The situation is different for a higher rate taxpayer. After receiving a notional gross dividend of £100 made up of a cash dividend of £90 and a notional tax credit of £10, a higher rate taxpayer pays tax at a rate of 32.5 per cent. Therefore, he or she is liable to £32.50 of tax on the £100. The £10 tax credit is taken off that—although it is notional, it is removed—so the tax liability on a higher rate taxpayer is £22.50, meaning that the cash receipt is not the £90 received by a basic rate taxpayer, but £67.50.
Why is that important? In a basic rate taxpayer's equity or stocks and shares ISA, a cash dividend of £90 attracts a notional tax credit of £10, which adds up to £100. Of course, there would be a cash equivalent of £90. The situation is exactly the same as before: there is £90 real cash and lots of 10 per cents. flow all over the place for the purposes of the tax regime, meaning that basic rate taxpayers end up with £90 in their hands. A higher rate taxpayer also ends up with £90.

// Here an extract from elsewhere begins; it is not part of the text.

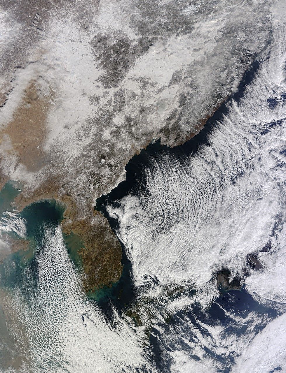 Cool weather in eastern Asia also spurred an outbreak of cloud streets over the Sea of Japan recently. On January 9, 2014, MODIS captured this view (below) of cloud streets spurred by northwesterly winds. On that day, the high temperature in Vladivostok, Russia, was 10°F (-12°C) and the low was -7 °F (-21°C).

Let us consider what will happen after 2004 when the notional tax credit is removed from equity ISAs. The basic rate taxpayer would receive £90 cash but not receive the tax credit, and thus end up with £90 rather than £100, which was the case with the notional tax credit. The tax position would be reduced to £90, yet the cash outside an ISA would also be £90. What is the incentive for the basic rate taxpayer if the measure is removed? A higher rate taxpayer would end up with £90, nevertheless, versus £67.50. So there is a huge incentive for a higher rate taxpayer to remain in the scheme given that instead of receiving £67.50 outside an equity ISA, they will receive £90, whereas the removal of the £10 notional tax credit gives the basic rate taxpayer no incentive whatsoever. Unsurprisingly, the higher rate taxpayer will benefit. Why should the basic rate taxpayer, for whom the scheme has been an important part of their thinking and activity in terms of saving and the incentive to save, be penalised?